Illinois Faces 25% Cost Increase to Borrow $1.8 Billion
Illinois plans to sell $1.8 billion of general-obligation debt tomorrow as its relative borrowing costs may increase by almost a quarter.
The tax-exempt deal for the state, rated lowest by Moody’s Investors Service, includes a 10-year segment that underwriter Jefferies & Co. plans to offer to investors at 1.85 percentage points above benchmark AAA securities, according to a person familiar with the sale.
Illinois’s last general-obligation sale was on March 13 for $575 million, with 10-year securities priced to yield 1.51 percentage points above benchmark tax-exempts, according to data compiled by Bloomberg. That’s 0.34 percentage points below tomorrow’s tentative pricing plan, or a difference of 22.5 percent.
The state has the lowest-funded pension in the U.S., with assets equal to 45.5 percent of projected obligations, Bloomberg data show. Its backlog of unpaid bills to vendors and Medicaid obligations is more than $9 billion.

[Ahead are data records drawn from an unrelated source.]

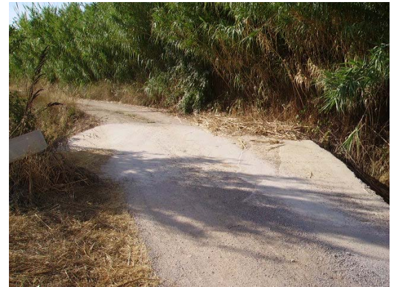
Tram 2: Inters. amb riera de Santa Maria dels Horts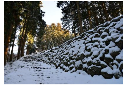
21. 七尾城跡 雪の石垣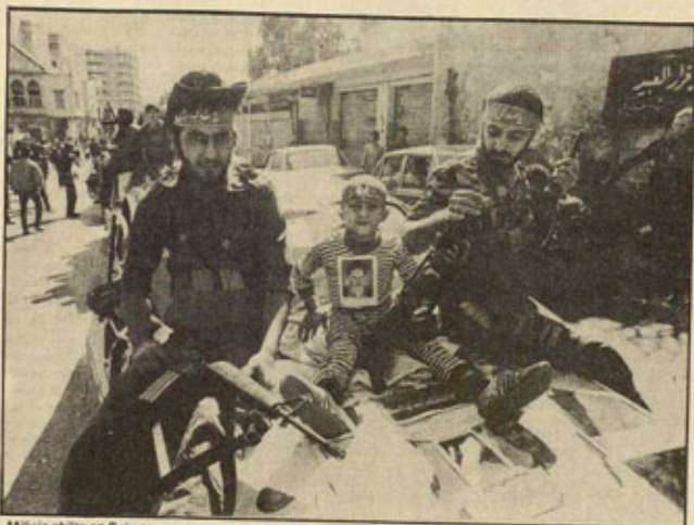
Milicia chilita en Beirut.

Esto otorga una mayor responsabilidad a las fuerzas políticas revolucionarias del Líbano, de los demás países árabes y de los países imperialistas occidentales. Los imperialistas y sus aliados pueden ser derrotados de forma decisiva en el conflicto libanés. Y esta derrota contribuirá mucho a debilitar la ofensiva imperialista contra la revolución colonial en general. En este sentido, la oposición activa a la ocupación imperialista y sionista del Líbano será un factor crucial. □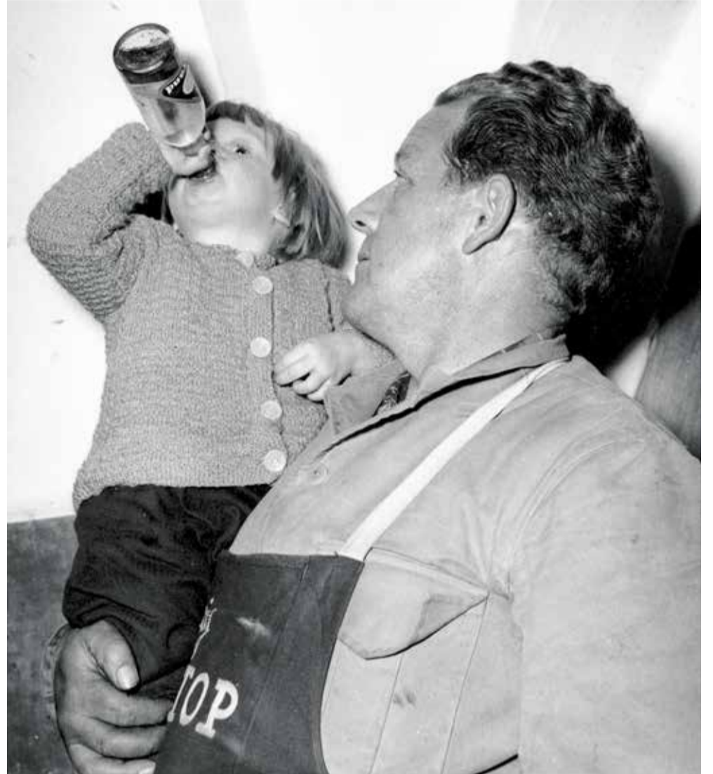
Et besøg på Ceres har alle dage været populært. Fotograf Børge Venge, 1954. Original i Erhvervsarkivets Billedsamling, leveret af Aarhus Stadsarkiv.

28. november 2008 forlod den sidste bryg tappehal-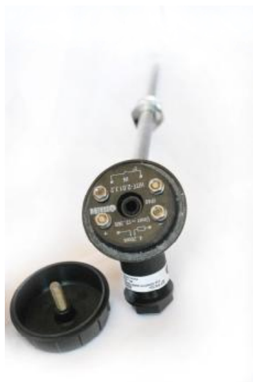
Рисунок 4 - Общий вид ДТП модификации XX5 со встроенным нормирующим преобразователем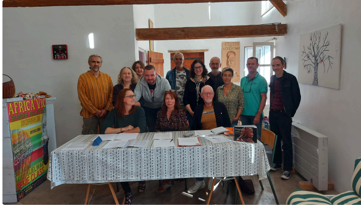
Africa' Vic, des effectifs en hausse et de nombreux projets sur les rails !

Le 22 octobre 2022, les membres de l'association Africa'Vic ont tenu à la Maison Bleue leur Assemblée Générale Ordinaire.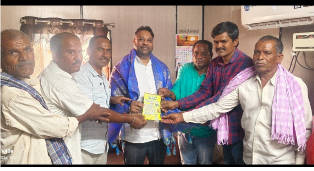
పద్మక్రాంతి, ఏప్రిల్ 13 (కల్వకుర్తి ప్రతినిధి):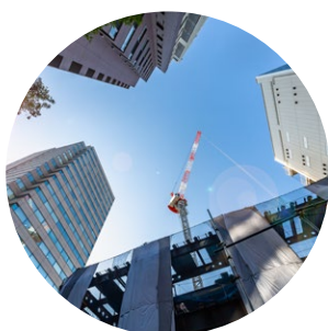
上空視界の狭い 都市部工事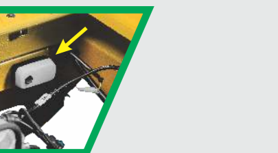
பாதுகாப்பிற்காக என்ஜின் கம்பார்ட்மெண்ட் லைட்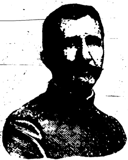
Le Col. C. PICQUART.

Paris, 12 juillet.—La Cour Suprême, dans sa décision rendue publique aujourd'hui, annule l'arrêt de Dreyfus sans nouveau jugement. Cette décision aura pour effet de complètement réhabiliter le capitaine Dreyfus et lui permettra de reprendre son grade dans l'armée comme s'il n'avait jamais été accusé.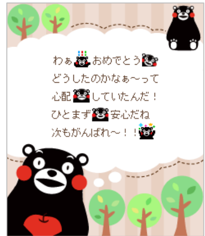
「くまモン」デコメ®用素材 一例

『デコらっちょ』は、面白くてかわいい個性的なデコメ®素材が満載で、男女問わず多くの方からご支持いただいている月額会員制のデコメ®素材サイトです。本サイトで配信する「くまモン」のデコメ®素材は、「くまモン」の可愛らしさあふれる素材から、素材単体でメッセージを伝えることができる素材、個性的なデザインの素材など多岐にわたっており、様々な場面でご使用いただけるバラエティに富んだ素材となっております。また、『デコらっちょ』の他にフリー株式会社が発行するデコメ®サイト『ラクラクえもじっち』、『イベデコ』では「くまモン」の新規デコメ®素材を本日より合計 17 種類追加、『無敵デコランキング』では「くまモン」の素材を 8 種類配信しております。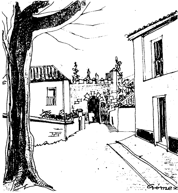
Un rincón de Granada.

A punto de ser ya arquitecto — cursa actualmente el sexto año —, este futuro compañero toma bajo el brazo su álbum de dibujos y apunta, aquí y allá, perspectivas, rincones y "momentos" que impresionan su retina. ¿Qué más da Madrid que Granada, Toledo o cualquier otro bello lugar de España? Lo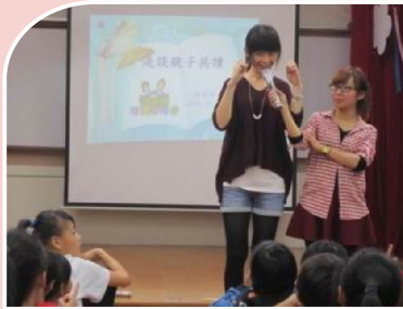
親職教育共讀講座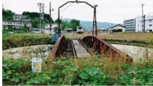
三次駅 旧三次機関区転車台 平成 19.6.5 三次機関区の転車台は平成28年4月まで残っていたが、SLの復活運転を計画していた東武鉄道へ譲渡され、現在は東武鬼怒川線の鬼怒川温泉駅前に設置され、新たに蒸気機関車の転車台として現役復活している。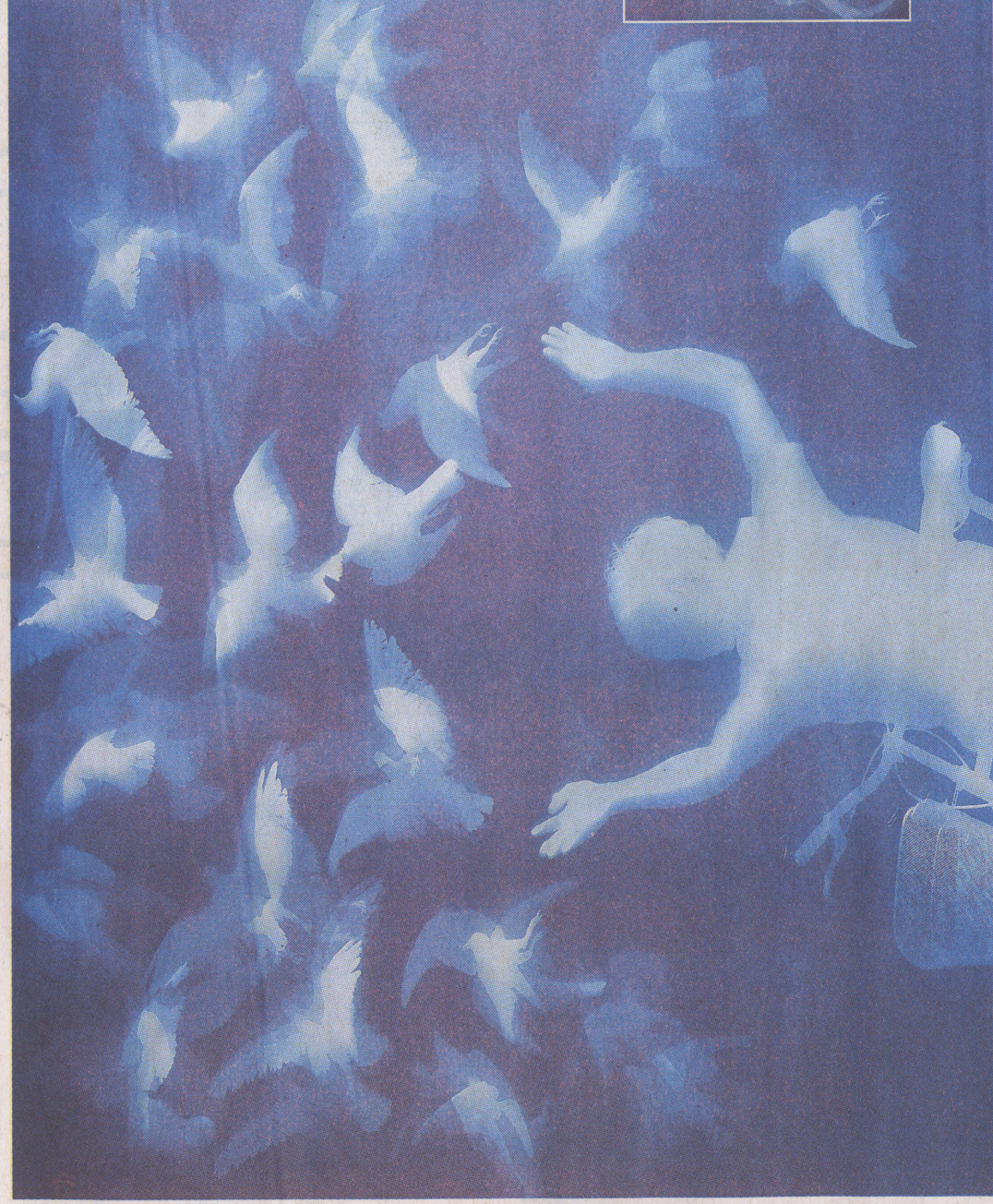
◀《鸽子-2》(局部)(局部) 纯棉布蓝晒 2011年

编辑 刘洋 美编 宋媛媛 黄校 杨少坤 电话: 84285566-3104 zgyhzk@126.com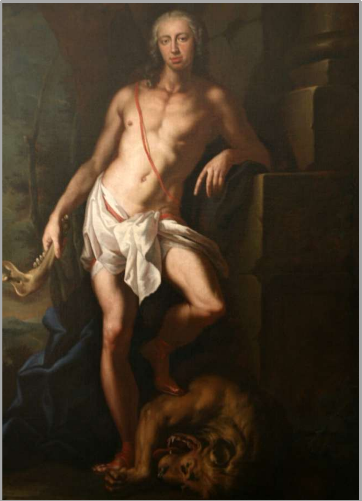
Neznámý autor: Leopold Klement Otislav z Kopenic (+1742)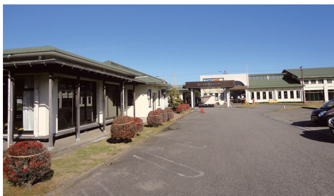
（仮称）野々市つばきの杜センター整備予定地（矢作三丁目）

Q 野々市中央公園拡張整備事業として2億400万円が令和6年度予算額に計上されており、用地取得は令和8年を目指している。と聞いているが、令和6年度は何割程度を取得するのか。

Investors should get more yield than 1.85 percentage points given those fiscal challenges, John Mousseau, a portfolio manager at Vineland, New Jersey-based Cumberland Advisors, which has $1.2 billion of municipal debt. It doesn’t own Illinois general-obligation bonds.
“The state’s debt should be trading even cheaper,” Mousseau wrote in a report released today. “At some point it is a buy. Not yet.”
Still, the state’s general-obligation debt has first claim on its taxes and revenue to repay bondholders. Investors are ready to buy, said Tom Spalding of Nuveen Investments Inc. in Chicago, whose firm manages $10 billion of municipals, including Illinois general-obligations.
“With a lot of cash out there, I just don’t see it having a problem getting done at these levels, and can probably get done a little bit better,” he said.